Je la reconnais, elle habite dans le même immeuble. La cinquantaine peut-être, petite, menue, les cheveux grisonnants, permanentés. Elle milite pour le partie de la gauche ; je l’ai vu tenir un stand au moment des élections.
Elle renifle, semble vouloir se rencogner dans son coin. Elle a une grosse bosse sur la tempe droite. Elle s’essuie le visage avec son foulard, la moitié du visage est rougeâtre, du sang a séché dans ses cheveux.
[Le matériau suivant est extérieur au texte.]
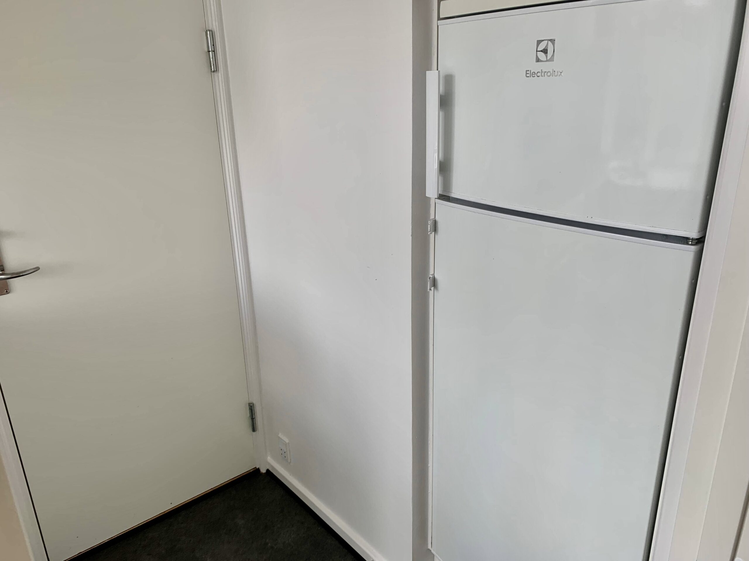 Stuen er aflang, hvilket gør det nemt at dele den op i spisestue og tv-stue. Fra stuen er der en dør indtil soveværelset. Det er også et godt rum, hvor der ikke er sat klædeskab ind, så man har mulighed for selv at indrette og vælge det. Fra soveværelset har vi så indgang til køkkenet. Det er mindre, men nyere.

– Mais qu’est-ce qui vous est arrivée ?
– Moi ? Rien ...
– Mais si, vous saignez !
– Non, ça va, j’attends mon copain.
– ... Vous voulez rentrez ?
– Non, j’attends mon copain, tout va bien !
Je ne suis pas convaincue, mais je rentre et monte à mon appartement.
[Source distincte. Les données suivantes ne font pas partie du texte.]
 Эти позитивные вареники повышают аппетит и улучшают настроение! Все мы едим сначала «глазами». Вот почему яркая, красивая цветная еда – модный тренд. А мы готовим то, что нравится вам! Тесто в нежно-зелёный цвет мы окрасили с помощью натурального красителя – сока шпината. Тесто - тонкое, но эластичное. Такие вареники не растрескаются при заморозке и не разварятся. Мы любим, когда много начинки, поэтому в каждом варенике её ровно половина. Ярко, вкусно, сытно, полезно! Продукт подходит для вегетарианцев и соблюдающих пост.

Elle habite avec un homme, petit aussi, mais rondelet. Le « copain » dont elle parle doit être un autre homme. Peut-être qu’elle lui a avoué qu’elle voulait le quitter, il l’a frappée et elle s’est heurté la tête en tombant ... J’ai du mal à croire qu’il puisse frapper une femme, mais visiblement ... Le sac de voyage dans l’entrée est certainement le sien et elle attend qu’on vienne la chercher ...
J’ai longtemps guetté le bruit d’une voiture. En même temps, la mauvaise conscience commençait à me gagner ... Peut-être aurais-je dû appeler la police ? Mais elle refusait ostentatoirement mon aide. Ai-je le droit dans ces conditions de m’immiscer dans sa vie ? Elle ne voulait pas qu’on la remarque. Je la comprends presque bien qu’il me soit difficile de m’imaginer comment je réagirais dans une situation semblable. Il est possible qu’on ressente de la honte. Elle a au moins eu la force de faire ses valises et de partir. J’espère qu’elle a aussi eu le courage d’aller porter plainte à la police.
***
La journée internationale des femmes n’est pas un jour de fête au cours duquel les hommes offrent des fleurs. Pour moi, c’est un jour pour soulever les problèmes de la condition des femmes dans le monde entier. Je me sens priviligiée d’habiter en Europe, qui plus est en Europe du Nord, où l’on se félicite tant de l’égalité des sexes. Et bien sûr, certaines régions du monde ont encore beaucoup de progrès à faire. Je n’ai pas à me plaindre. Mais même en Suède, il y encore du travail à faire ...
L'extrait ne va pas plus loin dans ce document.